Simpson's method to integrate real valued functions with CUDA

I'm trying to code integration by Simpson's method in CUDA.

This is the formula for Simpson's rule

enter image description here

where x_k = a + k*h.

Here's my code

    __device__ void initThreadBounds(int *n_start, int *n_end, int n, 
                                        int totalBlocks, int blockWidth)
    {
        int threadId = blockWidth * blockIdx.x + threadIdx.x;
        int nextThreadId = threadId + 1;

        int threads = blockWidth * totalBlocks;

        *n_start = (threadId * n)/ threads;
        *n_end =  (nextThreadId * n)/ threads;
    }

    __device__ float reg_func (float x)
    {
        return x;
    }

    typedef float (*p_func) (float);

    __device__ p_func integrale_f = reg_func;

    __device__ void integralSimpsonMethod(int totalBlocks, int totalThreads, 
                    double a, double b, int n, float p_function(float), float* result)
    {
        *result = 0;

        float h = (b - a)/n; 
        //*result = p_function(a)+p_function(a + h * n);
        //parallel
        int idx_start;
        int idx_end;
        initThreadBounds(&idx_start, &idx_end, n-1, totalBlocks, totalThreads);
        //parallel_ends
        for (int i = idx_start; i < idx_end; i+=2) {
            *result +=  ( p_function(a + h*(i-1)) + 
                          4 * p_function(a + h*(i)) + 
                          p_function(a + h*(i+1)) ) * h/3;

        }   
    } 


    __global__ void integralSimpson(int totalBlocks, int totalThreads,  float* result)
    {
        float res = 0;

        integralSimpsonMethod(totalBlocks, totalThreads, 0, 10, 1000, integrale_f, &res);
        result[(blockIdx.x*totalThreads + threadIdx.x)] = res;

        //printf ("Simpson method\n");
    }


    __host__ void inttest()
    {

        const int blocksNum = 32;
        const int threadNum = 32;

        float   *device_resultf; 
        float   host_resultf[threadNum*blocksNum]={0};


        cudaMalloc((void**) &device_resultf, sizeof(float)*threadNum*blocksNum);
            integralSimpson<<<blocksNum, threadNum>>>(blocksNum, threadNum, device_resultf);
        cudaThreadSynchronize();

        cudaMemcpy(host_resultf, device_resultf, sizeof(float) *threadNum*blocksNum, 
                      cudaMemcpyDeviceToHost);

        float sum = 0;
        for (int i = 0; i != blocksNum*threadNum; ++i) {
            sum += host_resultf[i];
            //  printf ("result in %i cell = %f \n", i, host_resultf[i]);
        }
        printf ("sum = %f \n", sum);
        cudaFree(device_resultf);
    }

int main(int argc, char* argv[])
{


   inttest();


    int i;
    scanf ("%d",&i);

}

The problem is: it works wrong when n is lower than 100000. For an integral from 0 to 10, the result is ~99, but when n = 100000 or larger it works fine and the result is ~50.

What's wrong, guys?

Solution

The basic problem here is that you don't understand your own algorithm.
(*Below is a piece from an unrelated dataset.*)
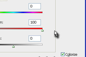 Sedaj izberite Background (prvi od spodaj navzgor) layer. pritisnite tipki Ctrl+U in ponovno uporabite nastavitve, prikazane na sliki.

Your integralSimpsonMethod() function is designed such that each thread is sampling at least 3 quadrature points per sub-interval in the integral domain. Therefore, if you choose n so that it is less than four times the number of threads in the kernel call, it is inevitable that each sub interval will overlap and the resulting integral will be incorrect. You need to make sure that the code checks and scales the thread count or n so that they don't produce overlap when the integral is computed.

If you are doing this for anything other than self-edification, then I recommend you look up the composite version of Simpson's rule. This is much better suited to parallel implementation and will be considerably more performant if implemented correctly.